Predictions <- predict(YOURMODEL, newdata=newdata, interval="prediction")
Predictions[,2] # this bit gives the second column

B6. Predict where the organism will spread to, based on the multiple regression. Plot it using plotting_function().

Hint: You can do this by editting the prediction code above so it predicts from the multiple regression. Now you also only need one newdata object with two columns.

I need help!

Try editting the code from A5 and A6

Australia = dataset of environmental conditions in Australia.

This shows code to plot the mean predictions. To check how uncertainty changes the patter you can change which column of the object PredictionsBoth that you plot.

PredictionsBoth <- predict(ModelBoth, newdata = data.frame(Temperature = Australia$Temp,
                                                           Rainfall = Australia$Rain), 
plotting_function(InputData = Australia, 
                              Predictions = PredictionsBoth[,1])

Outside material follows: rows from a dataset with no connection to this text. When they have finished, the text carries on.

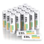 20-Counts AA Rechargeable Batteries 2,800Mah High Capacity AA Batteries Low self-discharge batteries will remain 80% juice when you leaving it for no use 1 year. Durable storage case included, providing a better protection while shipping and daily storage. Package: 20 quantities AA rechargeable batteries, Ni-MH 2800mAh 1.2V. Ensure the battery charger can charge 1.2v Ni-MH batteries. Ni-MH eco-friendly cell, doesn’t contain Hg/Cd/Pb, makes no pollution to the environment. Note: Please ensure the battery installed is correct: make the +/- pole of the battery is match for the +/- pole of the device. About EBL EBL, since 1998, professional on batteries and chargers more than 26 years. Professional and reliable on AA/AAA/C/D Rechargeable Batteries and Battery Chargers. About EBL AA Ni-MH Rechargeable Batteries * Quantity: 20 counts batteries * Voltage: 1.2V Capacity: 2800mAh * Precharged 15%~20% of capacity by solar energy. Could be used when you get it. * Excellent charge/discharge performance, the batteries will keep a high quality after 3-5 times charge & discharge when used in the first time or long time no used. * Doesn't contain Hg/Cd/Pb, no pollution to the environment. * Great for high power demand devices such as digital camera, children' toys and so on. * Durable case, convenient for storage and taking on the go. What You Get 20 X EBL AA 1.2V rechargeable batteries 5 X Battery Storage Case
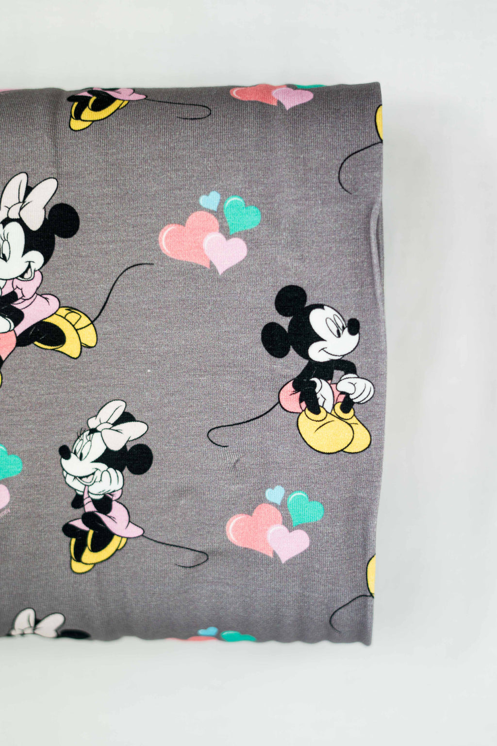 Jersey Mini u. Micky Mouse auf grau Lizenzstoff
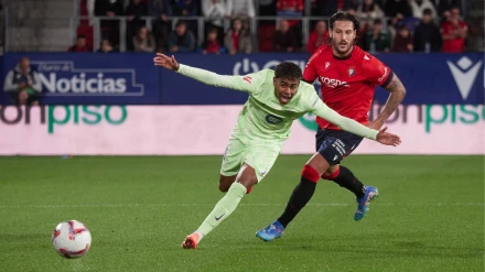 Pase en largo para el extremo de Osasuna que gana la carrera a su par y sienta a Iñaki Peña con una brutal pisada para marcar a puerta vacía el segundo.
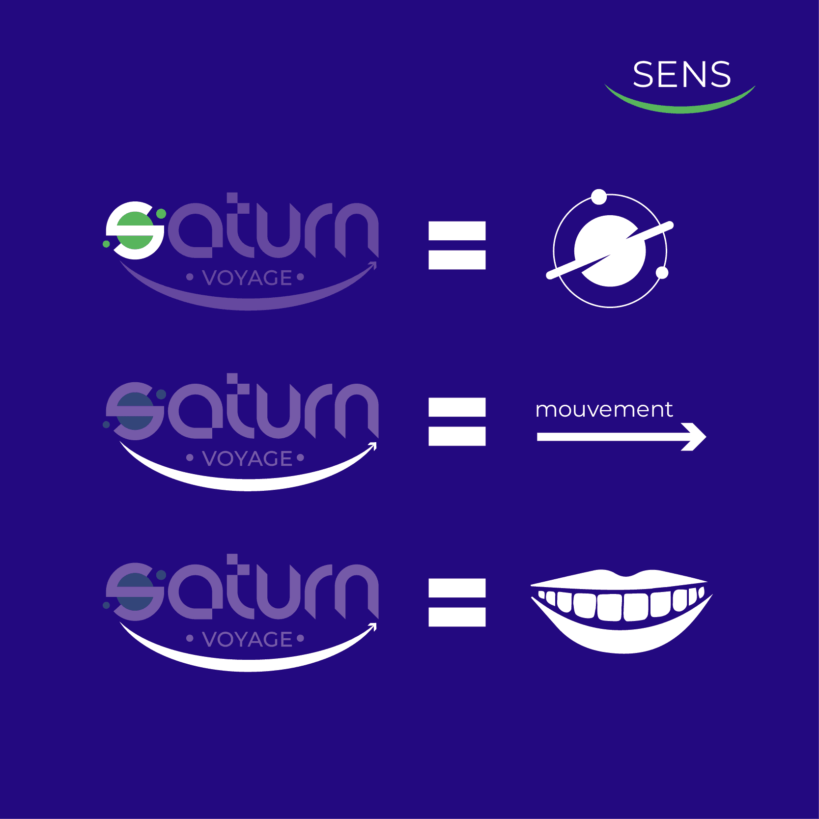 Le mot "Voyage" est au cœur de la création. Il symbolise le mouvement, l'exploration et l'aventure. L'idée de voyage est traduite visuellement à travers la forme de la lettre "S" esquissant la planète Saturne qui évoque la traversée et la découverte. Cela permet de créer un lien émotionnel avec le public, en suscitant des sentiments d’émerveillement et de curiosité.
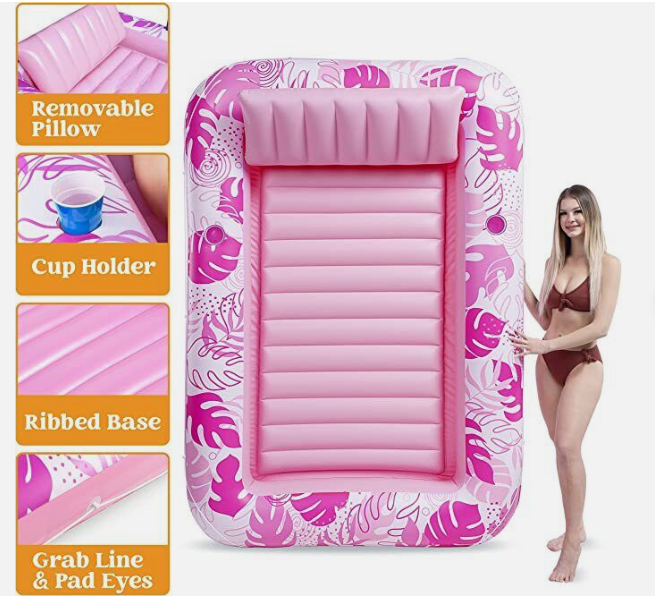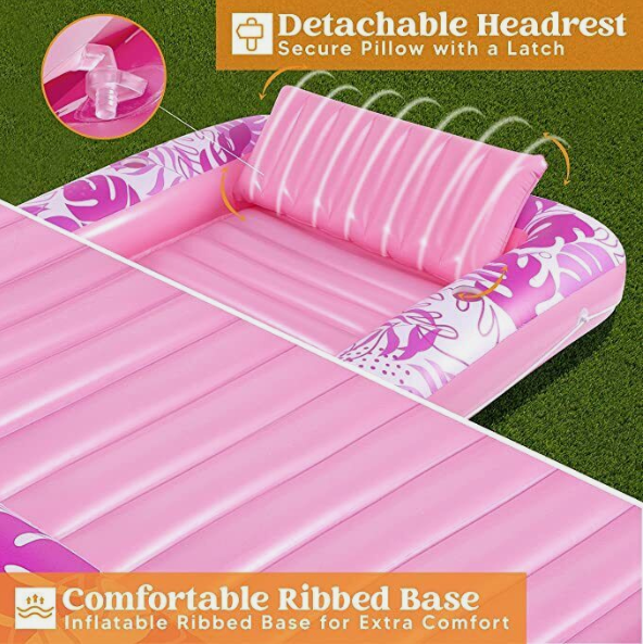 • INCLUDES. Packaged includes one 85” x 57” extra large inflatable suntan pool float featured with Inflatable base for extra comfort, two 3”drink holders, one removable headrest, wrap around rope
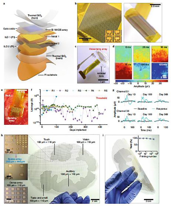 图四、用于长期生物整合的高分辨率/可缩放神经电子系统
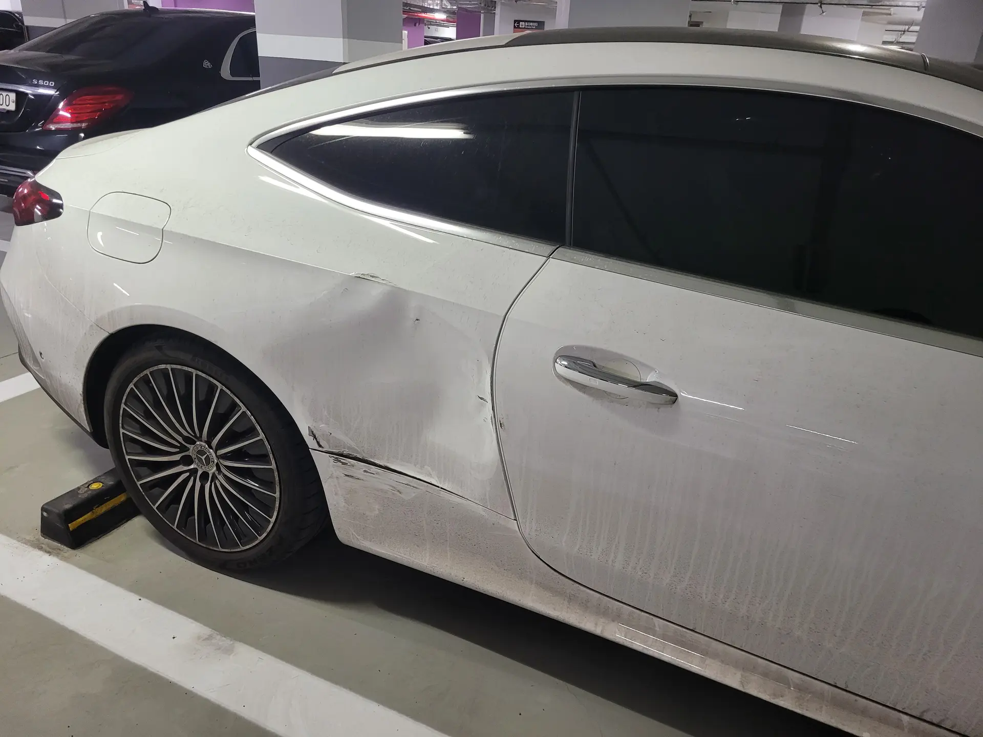 서초,벤츠CLE 조수석뒤휀다,사이드스텝몰딩 판금도색

B7. What would you recommend in terms of deployment of resources based on your predicted spread? Has this changed from before?

Part C: Reflection

C1. Can you draw any biological conclusions about this alien species? Can you say anything about the relative influence of temperature and rainfall? Are the variables in this analysis enough, what else could have an influence?

C2. Why do we use multiple regressions rather than running individual simple linear regressions?

Part D: Feedback

D1. How do you think this exercise went? What do you think your group did well, what are you less sure about? (2 examples of each)

D2. What do you think you improved from last week?

D3. Are there any concepts you are very unsure of?

D4. What would you like feedback on this week?